6. That childless woman simply doesn’t want to be a mother. Period. She feels complete, whole, with or without a partner, with or without a baby. And this is her right to feel like that. She doesn’t have to explain to you why she is doing just great without a child, why she is so happy with her choice. And even if she does tell you why, don’t throw that “you may regret it someday” cliché phrase at her. Ever. If she does regret it someday, it’s her decision only, and that has nothing to do with you. If you are not her partner/husband, you shouldn’t even bring this up. So again, why do you care?
This list can go on and on. There are a lot more reasons behind a woman’s choice (or “fate”) of not having children, and we have nothing to do with them. The bottom line is: it’s none of our business what a woman does to her body.
On a personal note, some of my closest friends know the reasons why I don’t have children. I don’t mind talking about it with people I trust and care about, but at the same time, I don’t feel like putting that on a billboard. I don’t have to expose myself to people just so their little curiosity fades away. Again, it’s none of anybody’s business but mine.
And this whole conversation here is also valid for women who have chosen to have a certain number of kids. For those who have had one, for example, like my mother, who has heard her whole life how she’d regret having just one. Or for women who chose to have more and have decided to stop having them. In short, we shouldn’t be asking. Period.
And that is also valid for anyone who has made any major decision in life, like not getting married too. There are many reasons behind our choices, and we simply don’t have to settle by answering what doesn’t need to be answered.
So please, dear ladies (and dear gentlemen, too!), when asked “that” question, don’t be embarrassed to say, “Sorry, it’s personal.
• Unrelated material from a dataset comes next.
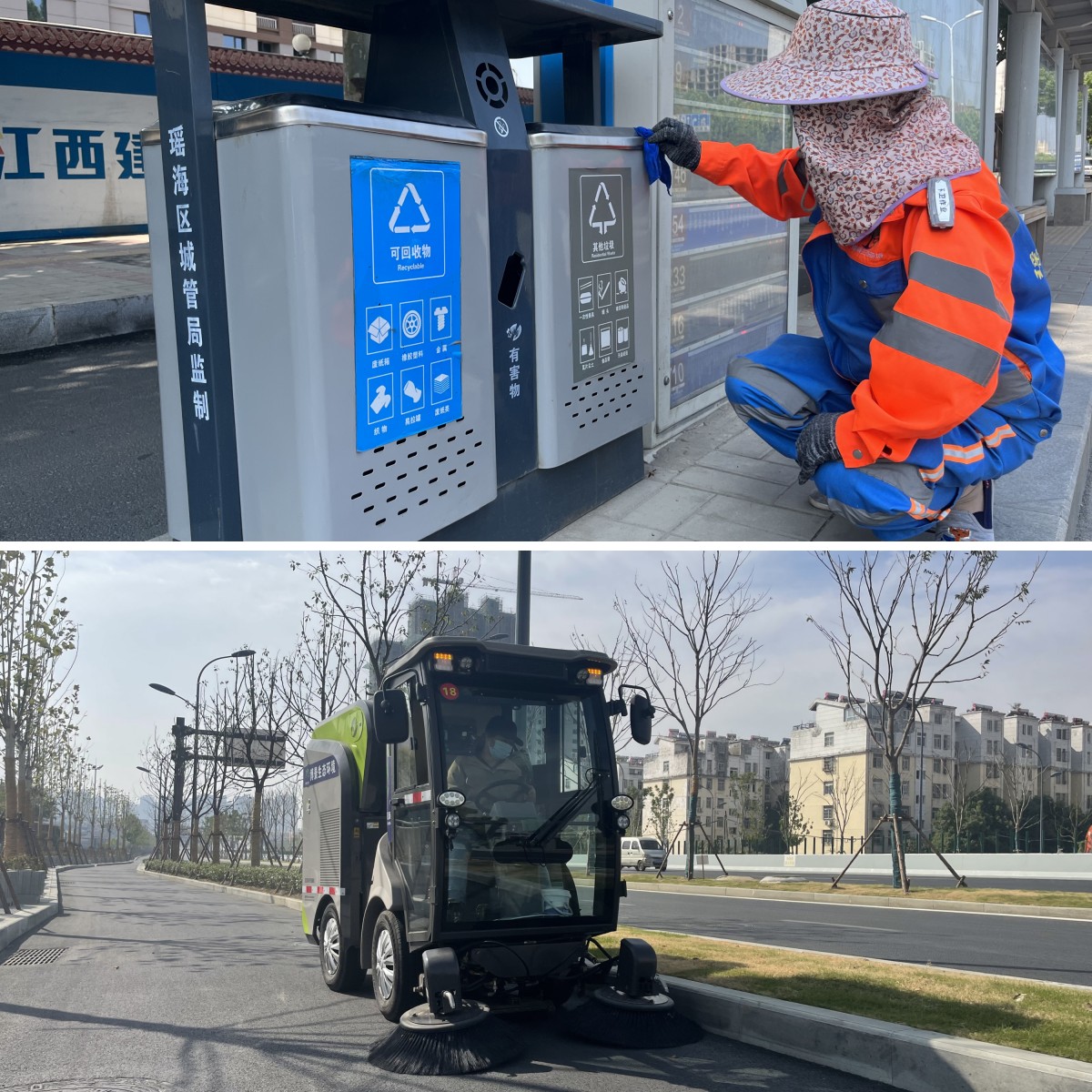 為確保市一級道路垃圾桶果皮箱點位規(guī)范化合理化,龍崗項目重新配置規(guī)劃240L垃圾桶和果皮箱的位置。制定了垃圾桶和果皮箱設(shè)置的標(biāo)準(zhǔn)和規(guī)范,對各類擺放不規(guī)范的垃圾桶進(jìn)行大力整改。每日進(jìn)行2次環(huán)衛(wèi)設(shè)施擦洗工作并及時清理果皮箱內(nèi)垃圾。外表整潔無污物、外表無亂涂貼,垃圾分類標(biāo)識完好。

I’d rather not talk about it.” I have shifted from explaining to simply saying that. Boundaries. Unfortunately, they are more than needed now since times have changed.
Having a child is such a personal and intimate process. It’s a decision that comes from your heart, and nobody else should be part of that but you and your partner. So remember that you don’t have to explain or find a common ground between you and the asker. Or they won’t ever stop.
“Oh, you’ll be happier with children.”
“You’ll never know what true love is until you’ve had a child.”
“There is never a perfect timing for having children, so just have them anyway.”
“Having just one child is kind of selfish. He/she needs a sibling.”
Sound familiar, childless women/men?
So, for everyone who has asked personal questions (and that includes me in the past too): it’s okay that you’ve asked them. We have all done it. I just ask you to be mindful moving forward. Trust me, if that woman you know or just met wants to let you know when or if she will have children, she will be glad to tell you. You won’t need to ask. But if she is silent and never mentions anything about it, please don’t bring it up.
Also, understand that we all have different life missions. There are plenty of families growing, and there are plenty not growing—and that is okay. It’s all balancing out in this perfect world.
And you, dear childless woman, please don’t feel like you need to explain in order to fit in. You have your place in this world, no matter what people tell you. You’ve come here with a mission, whatever it is. But ultimately, you came here to be yourself first, before being a mother.
If you decide to become a mother someday, that would be a delightful experience, because you’ll already know yourself before meeting your new “soulmate” who will fill your heart with joy. But if you don’t become one, you should still be happy and live through the power of your choices.
So please, be proud to be just as you are, with or without children.